You may not have heard of Gennady Onishchenko, but if his own
accounts are to be believed, he’s the Russian government official who singlehandedly
averts major public health crises posed by foreign countries’ dangerously lax
and unsophisticated food safety standards (including those in a certain country where the federal government has ground to a halt). To others, Onishchenko,
Russia’s chief sanitary inspector, is also Russia’s chief manufacturer of elaborate food safety scares to wage geopolitically motivated
trade wars with other countries, particularly former Soviet
republics.
On Wednesday, Onishchenko, the director
of Rospotrebnadzor, Russia’s consumer-protection agency, announced a ban on 28 Georgian alcoholic products, a mere seven months after a 2006 ban on Georgian beverages was lifted. Earlier this week, he added
Lithuanian dairy products to the long list of (mostly) ex-Soviet state-made products that ostensibly pose threaten Russian
consumers. Further down on that list are Ukrainian chocolates, Moldovan wine, and — yes — meat from the United States. Notably, many of
these bans came on the heels of warming trade relations between the banned countries
and NATO or the European Union — moves that aren’t popular with the Kremlin, which is trying to strong-arm its neighbors into joining a Russian-led customs union.

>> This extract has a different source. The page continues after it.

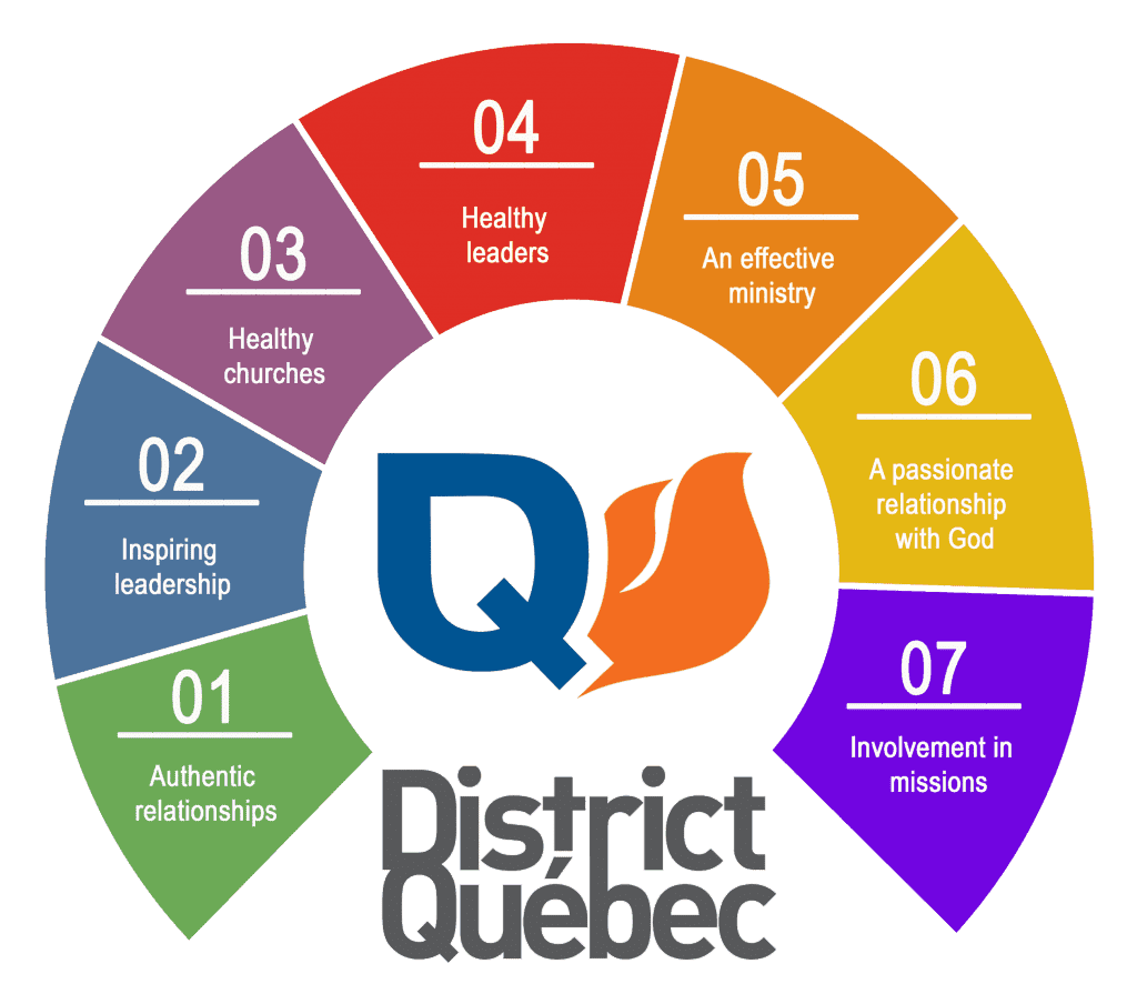 The District of Quebec is a fellowship of over 100 churches holding services in French, English, and other languages throughout the Province of Quebec. We exist to facilitate the proclamation of the Gospel and to provide support, vision and training to leaders and our churches. Because of this relational approach, we are committed to the following values: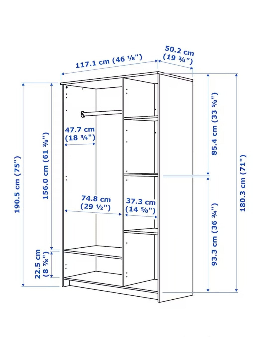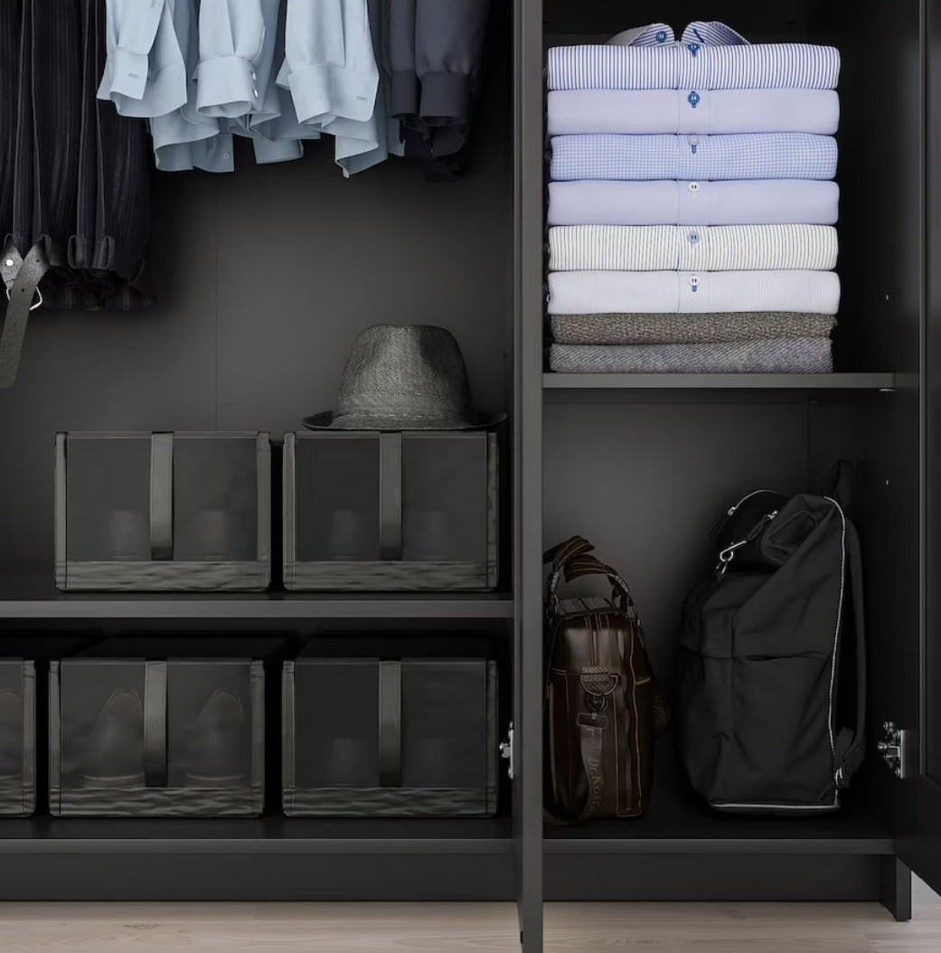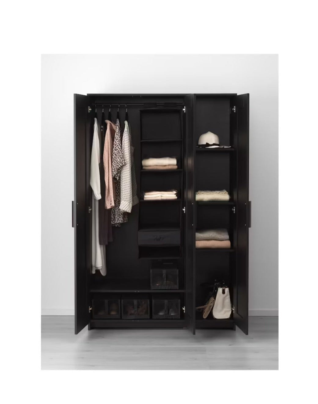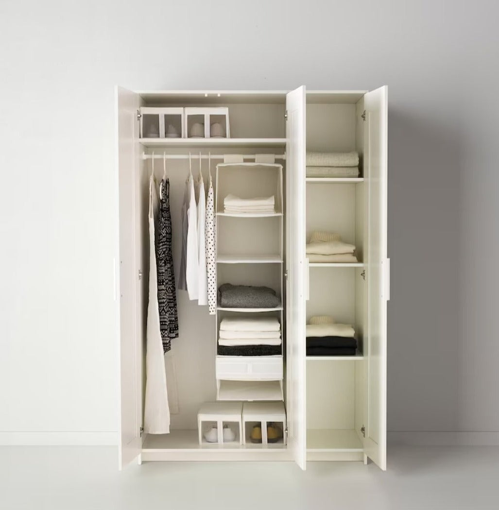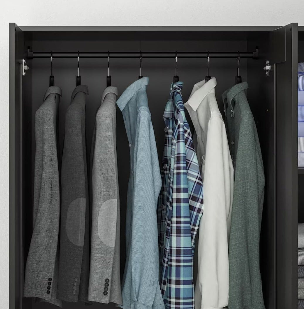 Small spaces call for clever storage. This wardrobe features a rail for shirts and dresses, shelves for folded clothes, shoes,... Lees meer

Onishchenko feels strongly about the value of eating Russian
food — and only Russian food. At a press briefing earlier this year, he implored
Russians to suppress their hankering for foreign foods in favor of “food patriotism.”
“We put our faith in the high level
of consciousness and food patriotism of our citizens,
the ones who have long abandoned the use of such food
in their diet,” he said.
This “food patriotism” was undoubtedly at the root of Onischenko’s war on hamburgers last year, when he reminded Russians that hamburgers “are not a good choice of meal for residents of Moscow and of Russia. This is not our cuisine.”
Onishchenko has repeatedly denied
that his agency’s bans on foreign products are
politically motivated, but the circumstances surrounding the prohibitions suggest otherwise. Take the case of this year’s ban
on the Ukrainian confectionary company Roshen; Onishchenko was
supposedly concerned about carcinogens found in milk chocolate — but only in the
chocolate produced in Ukraine, not in the company’s two factory locations in other
countries. The ban also came in September, after a major dust-up
between Russia and Ukraine over gas pipelines and in the run-up to the Eastern Partnership Summit in November, where Ukraine
may
sign a free trade agreement with the EU. If Kiev signs the agreement,
the government will decline
membership in the Russian-led Eurasian customs union.
Similarly, this week’s renewed ban on Georgian drinks does not apply to the breakaway Georgian region of Abkhazia, where the product quality apparently “remains stable.”
The reasoning behind the Roshen chocolate ban may have been flawed, but it was at least easier to understand than the vague non-reasoning Oshchinenko offered for the Lithuanian dairy
ban. “Nobody knows exactly what indications Russian customs have
or what the reasons are for the sanctions,” Arturas Paulauskas, the head of the
Lithuanian parliament’s National Security and Defense Committee, told
Reuters in a statement.
Moldova was similarly bewildered when Russia announced a ban
on Moldovan wines and spirits in September. “We will have to
clarify where technical problems about the quality of Moldovan wine end
and where the political aspects begin,” Economy Minister Valerii
Lazar told
Reuters.
Through it all, Onishchenko has clung steadfastly to his claim that the
bans are a necessity for Russian consumers — while still glossing over the particulars of his concerns. “The [Moldova] ban is a necessary step that we have undertaken
reluctantly, but it is the only possible way of solving the present
situation,” he told
Interfax news agency. “There have been
violations in technical preparation, storage and end-production.”
Perhaps nothing irks Onishchenko more than wine made in Georgia — also the country with which Russia
arguably has the most strained relationship. At a June press conference held
when the original 2006 ban on
Georgian wine and mineral water ended this year, he flew off the handle about the
(pretty standard) practice of making wine from grapes. The Georgians “are destroying grapes
by making wine from it,” he complained.
“Grapes are a holy fruit, a fruit from God, worshipped by pagans and Christians
alike, and they make alcohol from it!” When the conversation turned to
Georgian mineral water, he waxed nostalgic, warning reporters that the
Georgian import would not taste like it did back in Soviet days.
At times, Onishchenko’s public health opinions align rather neatly with the
Kremlin’s domestic needs. In 2011, for instance, he issued warnings about the health dangers, including exposure to the flu and even SARS,
of participating in massive protests in Moscow’s
Bolotnaya Square
against parliamentary elections and Vladimir Putin’s party.
It’s not unusual, of course, for countries to wield trade restrictions as a weapon in punishing or arm-twisting geopolitical adversaries. But you’d be hard-pressed to find a food safety inspector out there with as much geopolitical clout as Russia’s foreign food czar.